Formen der unbezahlten Arbeit

Unbezahlte Arbeit existiert in vielerlei Formen. Im Folgenden findest du eine kleine Auflistung der verschiedenen Typen jener Überausbeutung:

  • Praktika: eigentlich als Einfühlung bzw. Orientierung gedacht, werden Praktika häufig dazu missbraucht, reguläre Stellen zu ersetzen, indem PraktikantInnen übliche Arbeiten im Betriebsablauf übernehmen.
  • Probeschichten: eigentlich ein befristetes Arbeitsverhältnis auf Probe, werden ProbearbeiterInnen häufig rechtswidrig dafür ausgenutzt, kostenlos Arbeiten für einen Betrieb zu erbringen, in der Hoffnung auf eine Festanstellung.
  • Lehraufträge: Trend insbes. an den Hochschulen, durch unbezahlte Lehrtätigkeiten Gelder einsparen. Vor allem jungen AkademikerInnen, die sich dadurch Vorteile für ihre Karriere erhoffen, werden dafür eingespannt.
  • Ehrenamtliche Tätigkeit: Trend, bezahlte soziale bzw. öffentliche Stellen in ehrenamtliche Tätigkeit umzuwandeln, um im Sozialhaushalt zu sparen.
  • Überstunden: Mehrarbeit, bei der die vertragliche Arbeitszeit überschritten wird; ist eigentlich zu vergüten, erfolgt sie durch technische Kniffe der Chefs und Ahnungslosigkeit der ArbeiternehmerInnen sehr häufig unbezahlt.
  • Schulungen: vom Betrieb verlangte Fortbildungsmaßnahmen; sind eigentlich zu vergüten, weil sie z.B. mit Freizeitausfall verbunden sind, oftmals aber unbezahlt, weil Ahnungslosigkeit der ArbeitnehmerInnen ausgenutzt oder auf sie Druck ausgeübt wird.
  • Lohnvorenthaltung: das klassische Problem, dass der Arbeitergeber geleistete Arbeitszeiten nicht vergütet, für die den ArbeitnehmerInnen rechtmäßig Lohn zusteht, seien es ganze Gehälter die vorenthalten oder gewisse Arbeitsstunden bzw. -leistungen, die nicht anerkannt werden.

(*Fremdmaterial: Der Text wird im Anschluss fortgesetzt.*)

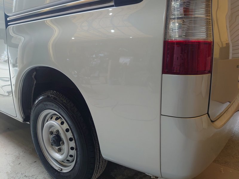 クォーターパネルのスライドレール後方下部からパネル下部まで大きく損傷していました。

     (Die Liste ist sicherlich noch ausbaufähig.)

Zu berücksichtigen ist, dass unbezahlte Arbeit nicht erst dann vorliegt, wenn kein Euro und kein Cent für geleistete Arbeit ausgezahlt werden. Oftmals sind Entlohnungen eher symbolischer Art und gleichen mehr einem Almosen. Eine Praktikantin, die z.B. eine Aufwandsentschädigung von 100 Euro für einen Monat Arbeit enthält, kann getrost als unbezahlte Arbeiterin begriffen werden. Ebenso ein Azubi, der z.B. 400 Euro im Monat erhält und 39,5 Stunden die Woche arbeitet (Überstunden nicht mit berechnet!). Letzteres bedeutet eine stundenbezogene Vergütung von weniger als 2,50 Euro. Zum einen kann dies kaum als „Lohn“ bezeichnet werden. Zum anderen entspräche dies, setzte man einen Stundenmindestlohn von, sagen wir mal, 5 Euro (um niedrig zu rechnen) voraus, jeden Monat einer Gesamtzahl von 80 unbezahlter Arbeitsstunden. Ein ähnliches Problem ergibt sich mit den Ein-Euro-Jobs, die unseres Erachtens ebenso schon mehr in den Bereich der unbezahlten Arbeit als in den Bereich der Billigarbeit gehören. Dennoch wollen wir die Ein-Euro-Jobs, die mit Sicherheit noch mal ein ganz anderes und tückischeres Problem darstellen, nicht in den Rahmen der Kampagne stellen.